The Vagus Nerve (Day 117)

We've been looking at our emotional reactivity from the well-known fight, flight and freeze perspectives, and noticing how those experiences can easily embed themselves in our bodies as trauma. Managing these reactions skilfully, so they don't become trauma, involves applying awareness and acceptance to move back towards equanimity. One of the main pathways involved in recovering from strong reactions is our vagus nerve.
When your ever-vigilant sympathetic nervous system revs up the fight or flight responses – pouring the stress hormone cortisol and adrenaline into your body – the vagus nerve tells your body to chill out by releasing acetylcholine. The vagus nerve’s tendrils extend to many organs, acting like fiber-optic cables that send instructions to release enzymes and proteins like prolactin, vasopressin, and oxytocin, which calm you down. People with a stronger vagus response are more likely to recover more quickly after stress, injury, or illness.

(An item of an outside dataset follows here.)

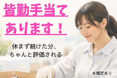 仕事内容 はじめての工場ワークにも、ちょうどいい☆ ☆皆勤手当て、ありまぁす☆ 決められたシフトでコツコツ働くことで、 毎月プラスの手当が支給されます。 「工場の仕事って難しそう…」 「ちゃんとできるか不安…」 そんな理由で選ばれているのが、 人気コスメ製品を扱う工場でのやさしめ軽作業です。 扱うのは、 汗拭きシート・ヘアワックス・化粧水などの製品。 重たい物はほとんどなく、 決まった流れに沿って進める作業が中心です。 ――――――――――――――― ■ お仕事内容 ――――――――――――――― お任せするのは、有名ブランドの コスメ、ケア製品などを種類ごとに分けたり、 所定の場所へ並べたりする作業です。 ・同じ種類のものをまとめる ・数をそろえてケースに入れる ・決められた場所へ移動する むずかしい判断や、 スピードを求められる作業はありません。 自分のペースで進めやすい環境です。 ――――――――――――――― ■ 未経験でも安心 ――――――――――――――― ・入社後は作業の流れから丁寧に説明 ・最初は先輩がそばについてサポート ・分からないことは、その場で確認OK 工場未経験からスタートした方も 多数活躍しています。 ――――――――――――――― ■ 働きやすい職場環境 ――――――――――――――― ・空調完備の清潔な作業スペース ・一年中、温度が安定していて快適 ・落ち着いた雰囲気でモクモク作業 ・社員食堂あり(定食180円~) 「工場=大変そう」というイメージが、 いい意味で変わったという声も多い職場です。 ――――――――――――――― ■ 一日の流れ ――――――――――――――― 8:30~ 業務開始! 10:00~ 15分の小休憩(ちょっと一息◎) 12:00~ お昼休憩(おしゃれな食堂で格安ランチ☆) 12:45~ 業務再開(午後からもがんばっていこう!) 15:00~ 15分の小休憩(ここでいったんリフレッシュ◎) 17:05 業務終了!おつかれさまでした☆ そのあとは夕食のお買い物や、 お子様のお迎えに行くスタッフもいらっしゃいます! 終業時刻も早めなのでジブン時間もしっかり取れますよ! ――――――――――――――― ■ 待遇・条件 ――――――――――――――― ・日勤のみ ・土日祝休み ・月給制 ・社会保険完備 ・交通費支給(規定あり) ・履歴書不要 ・WEB応募OK ◎ 皆勤手当てあり → 決められたシフトで勤務された方を対象に、 毎月支給される手当です。 ※社内規定あり(詳細は面接時にご説明します) ――――――――――――――― ■ こんな方に向いています ――――――――――――――― ・軽めの作業から始めたい ・落ち着いた環境で働きたい ・コツコツ進める作業が好き ・まずは無理のない仕事を探している ――――――――――――――― ■ 応募について ――――――――――――――― ・履歴書不要 ・スマホから簡単応募 ・職場見学のみも歓迎 迷っている時間が一番もったいないかもしれません。 まずは話を聞いてみるだけでOKです。 「違うな」と感じたら、その場で断っていただいて大丈夫です。 応募は【応募ボタン】から1分ほどで完了。 面倒な入力はありません。 あなたのご応募を、お待ちしています。 業務の変更範囲:「会社の定める業務」

The vagus nerve is a key connector between our brain and our body, on a physical level, but also as expressed in what it means to be fully human. The vagus nerve is deeply plugged into our heart, our guts, and our voice. Whenever we turn inward to check in with our true feelings; to check in with our intuitive wisdom; or to find our true expressiveness, we're lighting up the vagus nerve. Whenever we plug into the rhythms of ourselves or the world around us, we're lighting up the vagus nerve.
PRACTICE
Deliberate breathing is the most accessible way to stimulate your vagus nerve – bringing yourself back to balance. Take a deliberate 4-part breath every chance you get – when you're stressed, when you need to focus, when you're enjoying the moment...etc!